Archive for the ‘Reinsurance claims’ Category.

COURT AFFIRMS INTERPRETATION OF AVIATION REINSURANCE CONTRACTS TRIGGERED IN THE WAKE OF 9/11

In a summary order, the Second Circuit Court of Appeals has affirmed a federal district court’s interpretation of certain reinsurance contracts in favor of AIOI Nissay Dowa Insurance Company. The central issue in dispute was the scope of AIOI Nissay’s obligations to a group of insurers under contracts that those insurers had purchased from a reinsurance pool, of which AIOI Nissay was a member.
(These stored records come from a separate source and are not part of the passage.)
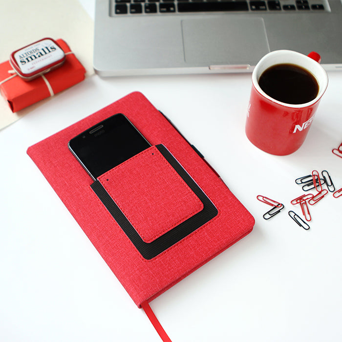libreta cubierta en curpiel pasta rígida con 80 hojas y separador, bolsillo porta celular. tamaño a5.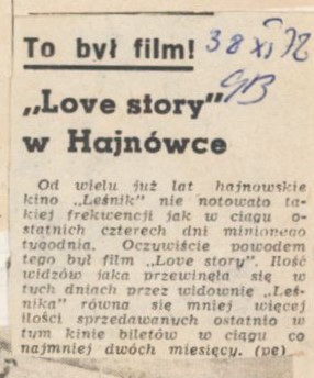 Od wielu już lat hajnowskie kino "Leśnik" nie notowało takiej frekwencji jak w ciągu ostatnich czterech dni minionego tygodnia. Oczywiście powodem tego był film "Love story". Ilość widzów jaka przewinęła się w tych dniach przez widownię "Leśnika" równa się mniej więcej ilości sprzedawanych ostatnio w tym kinie biletów w ciągu co najmniej dwóch miesięcy.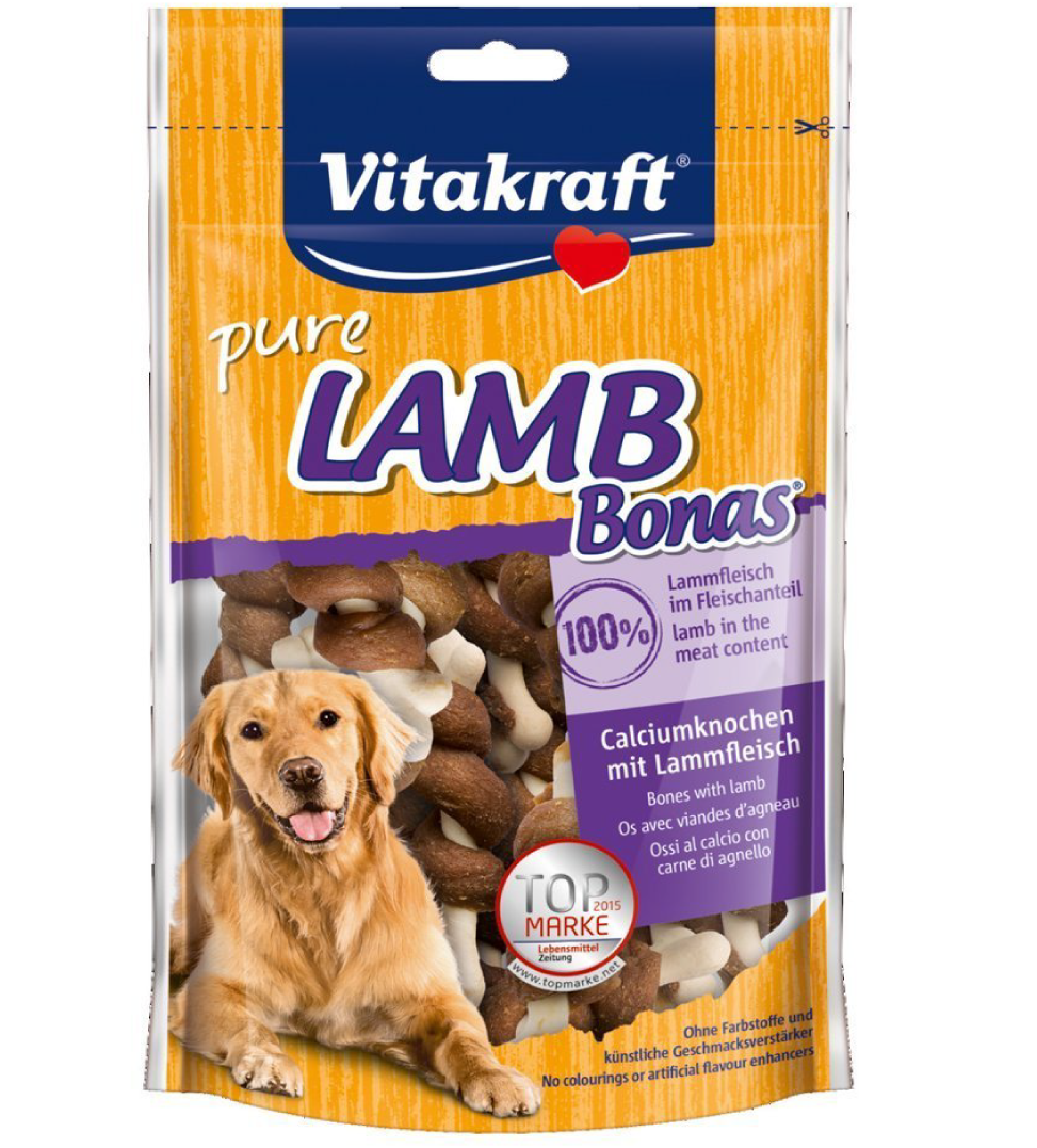 Raffinati snack di pura carne di Agnello nelle versioni: Filet solo pura carne; Bonas pura carne avvolta su un bastoncino di pelle di bovino o un ossetto di calcio.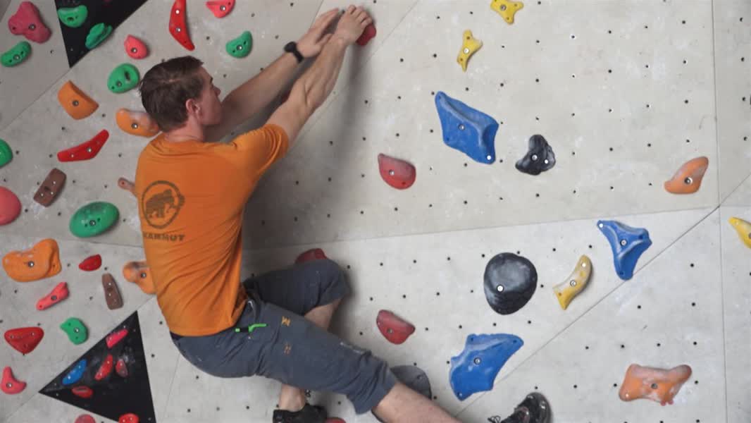 Bij boulderen wordt een wand van 4,5 meter hoog beklommen. “Je hebt maar een aantal grepen op de muur”, legt coördinator Jasper Rijken uit. “Je moet met die grepen boven zien te komen.” Dat maakt de sport volgens Jasper heel dynamisch. Er moet veel worden gesprongen.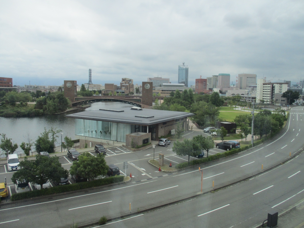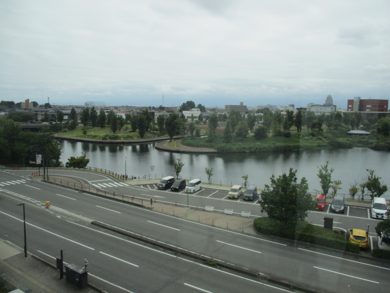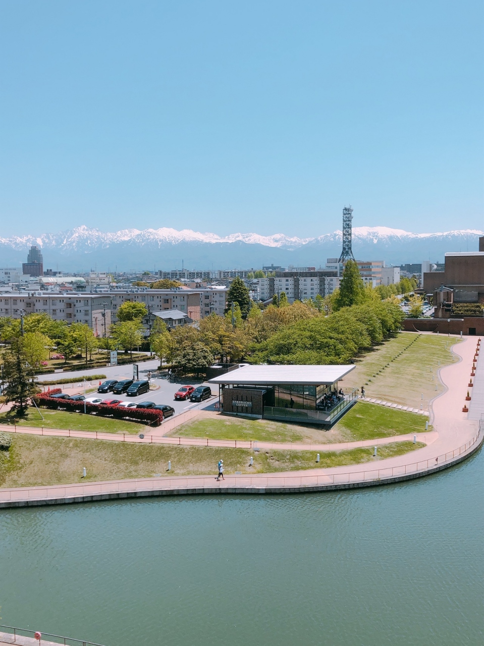美術館の屋上にある「オノマトペの屋上」から見えるはずの... 続きを読む立山連峰はあいにくの曇り空で見ることはできませんでしたが、美術館の前に広がる緑の富岩運河環水公園は良く見えました。
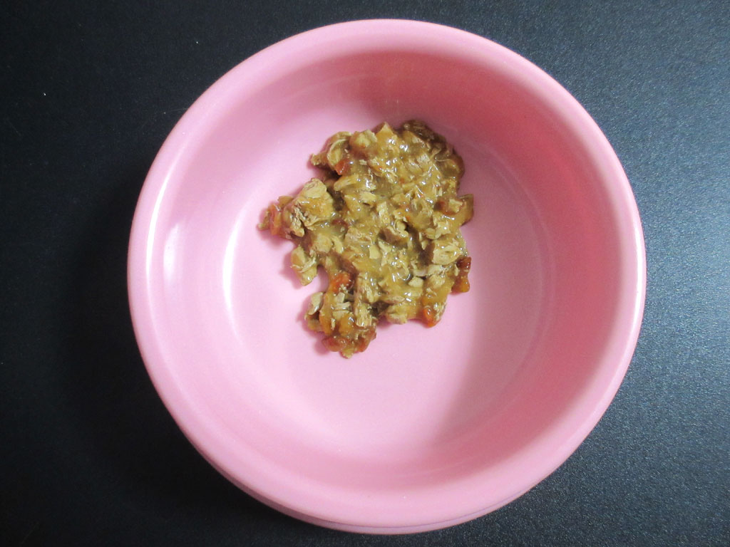 パウチの中身はこんな感じ…、このラ・キュイジューヌのパウチは、内容量が85gもあるので、ロシ子のアビのすけとで半分ずっこにして出してあげました。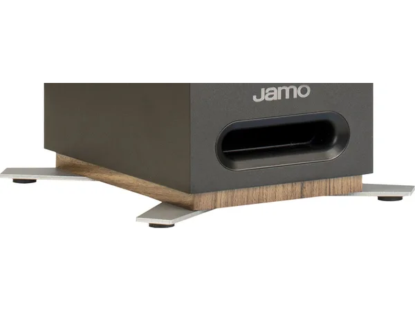 L'enceinte colonne Jamo S 809 est dotée de deux réceptacles métalliques sur le dessus reliés à son bornier Dolby Atmos et destinés à accueillir les pieds métalliques de l'enceinte Dolby Atmos Jamo S 8 ATM. Cette dernière est ainsi reliée directement à l'ampli et bien maintenue en place.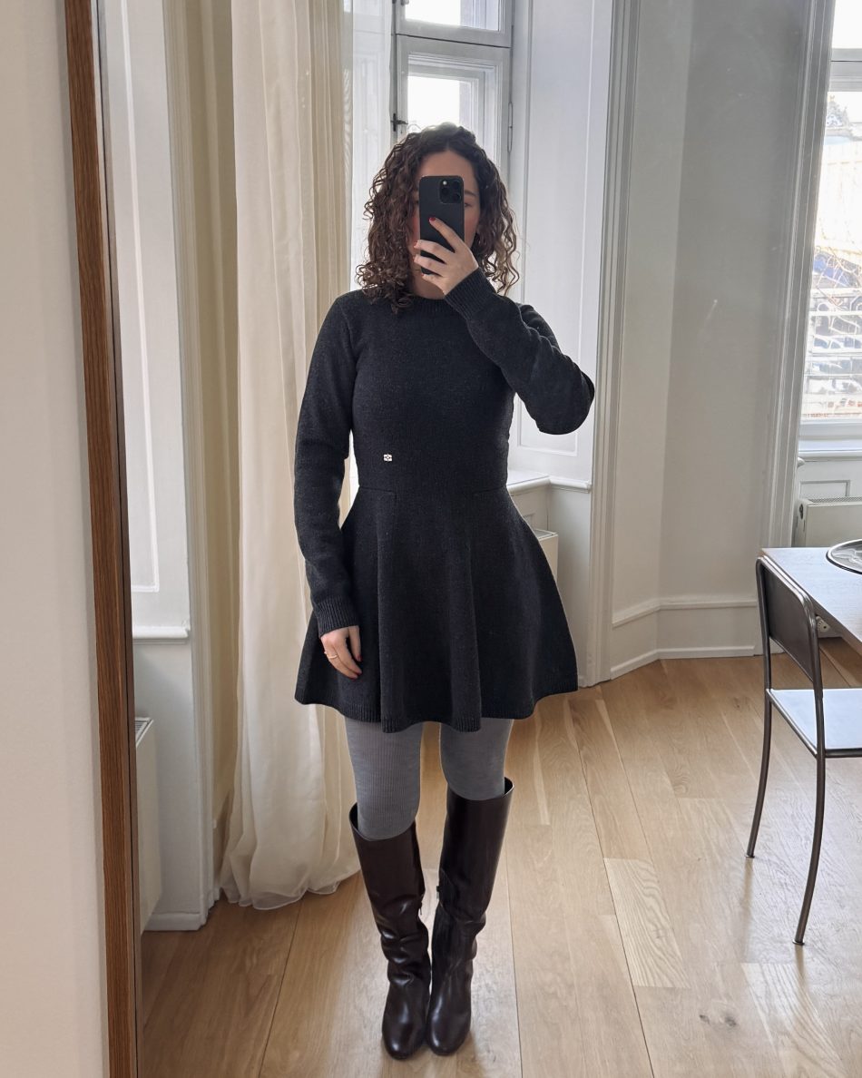 Endelig er det blevet vejr til lidt andet end jeans med lange uldleggins under, og jeg kastede mig dermed straks i denne lækre og feminine uldkjole med flatterende snit.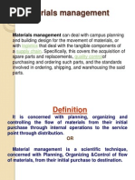 to the product itself Materials Management is the process of management which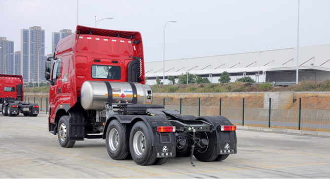 乘龙H7 LNG牵引车搭载15L排量燃气机,最大功率输出530马力,最大扭矩输出2500牛米。在配置大排量燃气发动机同时,匹配高传动效率12挡变速箱以及小速比后桥,使其在高速上平均时速更高,在山区路爬坡效率更高,强劲动力链很好满足高效物流用户的使用需求。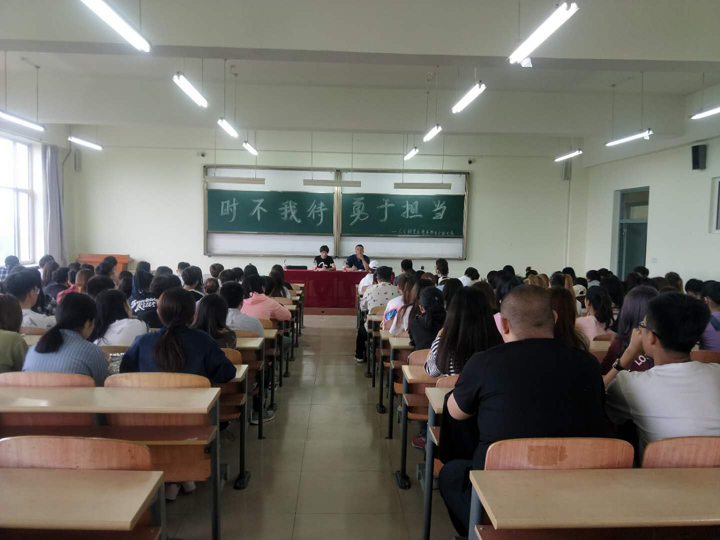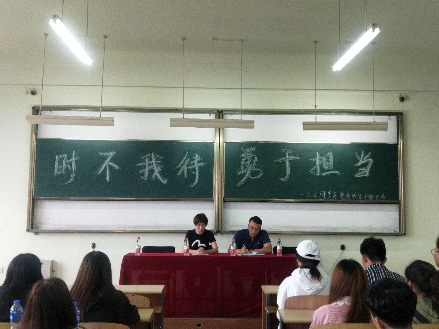为更加明确学生干部的任务和职责,更好的发挥学生干部的带头作用,进一步营造良好的系风和学风。我系于9月2日14:30在539教室召开了“时不我待,勇于担当”人文科学系党员学生干部大会,大会由团总支书记王姝雯主持,我系全体学生干部及学生党员参加了此次会议。
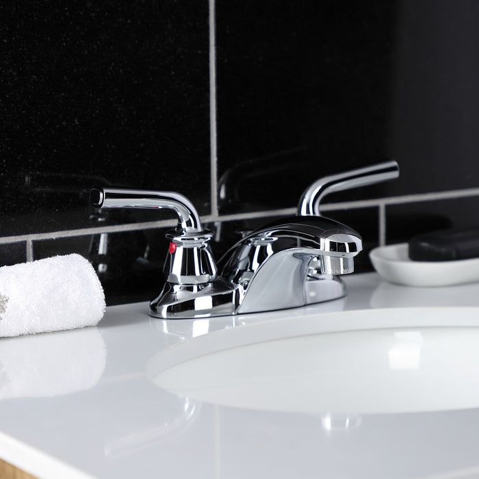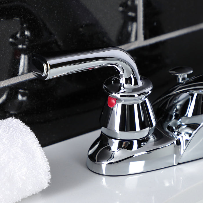 Kingston Tulare KB621RXLB - Restoration Double-Handle 3-Hole Deck Mount 4-Inch Centerset Bathroom Faucet with Brass Pop-Up, Polished Chrome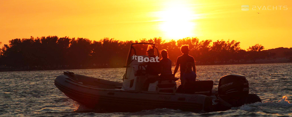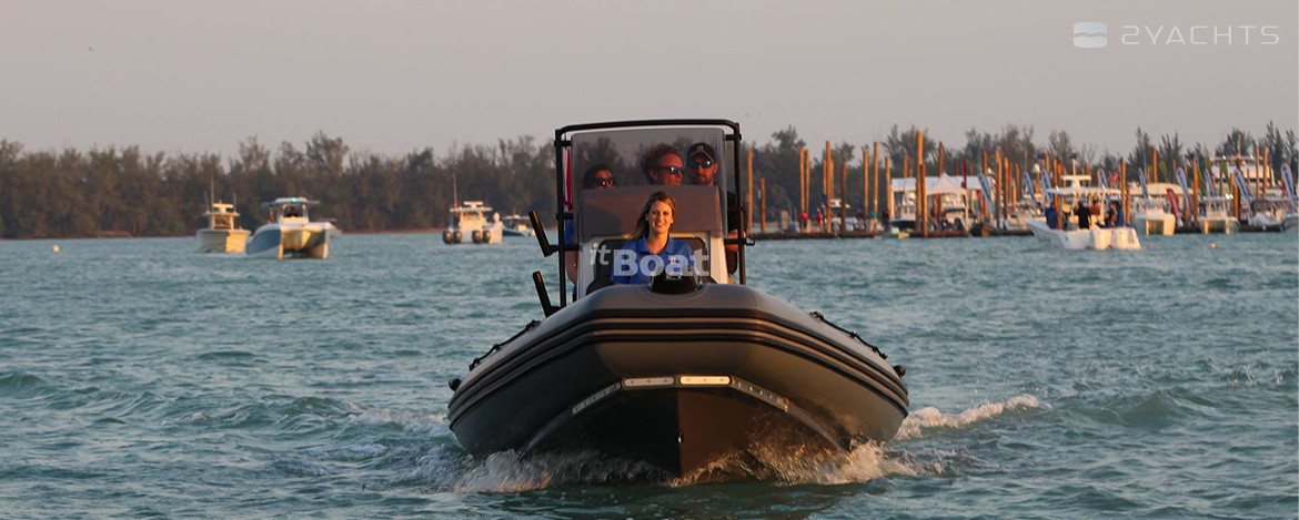 На корме Zodiac Pro 7 установлены металлическая арка с креплением для буксировки и две компактные платформы для доступа к воде, одна из которых оборудована раскладной лестницей. На полу судна расположены клапаны для слива воды и противоскользящие насечки. Предусмотрены два варианта окраски корпуса – серо-белый и черный. На модель устанавливается подвесной двигатель мощностью 250 л.с. Емкость топливного бака составляет 200 литров.

The contracts were triggered in the wake of the aviation losses associated with the September 11, 2001 terrorist attacks. The Second Circuit rejected all of the arguments raised by the group of insurers on appeal, recognizing that the primary objective in contract interpretation is to give effect to the intent of the parties. While short on facts, the summary order stated that the “more natural reading” of contractual terms controlled, which was the interpretation advanced by AIOI Nissay, and the court therefore affirmed judgment in favor of AIOI Nissay on its breach of contract claim. AIOI Nissay Dowa Insurance Co. v. Prosight Specialty Management Co., No. 13-2689 (2d Cir. Apr. 22, 2014).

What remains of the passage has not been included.